For Total (positive cells in vitreous and entire neural retina spanning from ganglion cell layer to subretinal space), Vitreous (positive cells in vitreous cavity only), and (positive cells within the ONL and SR only), inflammation is presented as a graded scale based on the number of Iba1-postive cells per micron (μm) of retina for each AAV serotype and route of delivery as fold change compared to buffer-injected control eyes for the same route of delivery: 0–1.5 (−), 1.5–2 (+), 2–5 (++), 5–10 (+++) and >10 (++++).

AAV, adeno-associated virus; Iba1, ionized calcium binding adaptor molecule 1; ONL, outer nuclear layer; SR, subretinal space.

RESULTS

The severity and location of inflammation vary by AAV serotype and route of delivery

Before sacrifice, eyes were examined clinically by dilated fundus examination and OCT, with no appreciable vitreous opacities or retinal inflammation for any serotype or route of delivery investigated.¹⁴ However, when evaluating the degree of inflammation after intraocular AAV injection histologically, the severity of inflammation varied widely depending on the AAV serotypes, as well as the route of ocular delivery.
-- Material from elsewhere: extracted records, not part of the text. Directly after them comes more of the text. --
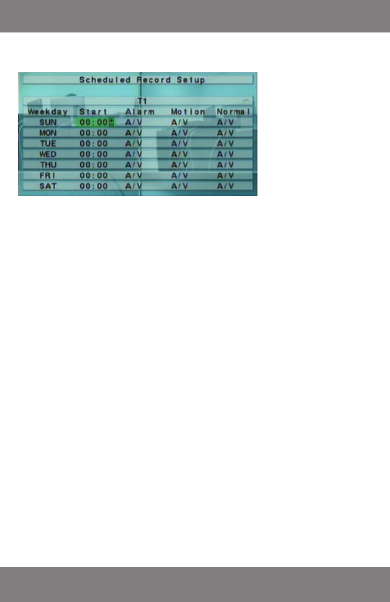 to 16 time segments (T1 – T16) for each weekday. Each time segment will allow you to set up recording settings for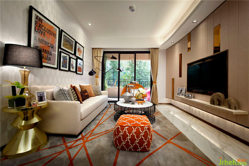 女主人單身女性,為高品質(zhì)生活追求者,希望以桔橙色和暖米色為主色彩,加以黑灰,亮金色配色來裝飾整個空間。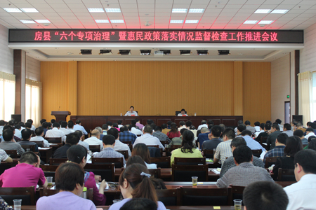 今日房县网讯 记者 王玮 报道:13日,我县召开“六项专项治理”暨运用大数据开展惠农政策落实情况监督检查工作推进会。县委常委、纪委书记姚天国,县委常委、常务副县长王家波出席会议,各乡镇、县直单位主要负责人参加。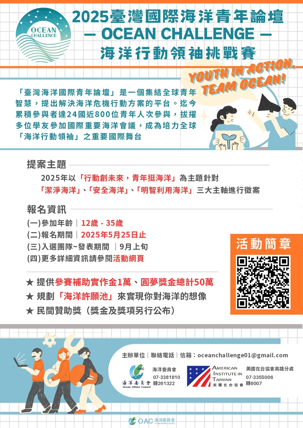 全球青年看過來!2025臺灣海洋國際青年論壇正式啟動,邀請12至35歲的青年提出創新提案,共同解決海洋面臨的危機,守護地球的藍色未來。本論壇由海洋委員會與美國在臺協會高雄分處(AIT/K)共同主辦,提供豐厚獎勵與國際曝光機會,讓青年的行動為世界帶來改變。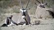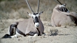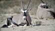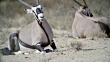 WS Gemsbok (Oryx gazella) lying down / Kgalagadi Transfrontier Park, Kgalagadi District, South Africa - HD stock video

Upon first observation of an abnormally high number of Iba1-positive labeling, we made the assumption that there must be cells infiltrating the retina from the vasculature. As such, we chose to assess inflammation by counting the number of anti-Iba1-positive cells, an antibody that will label resident microglia (which can increase in number when activated through proliferation^17,18) and infiltrating monocytes/macrophages (i.e., that have presumably extravasated from the inner retinal vasculature and infiltrated the vitreous/inner retina).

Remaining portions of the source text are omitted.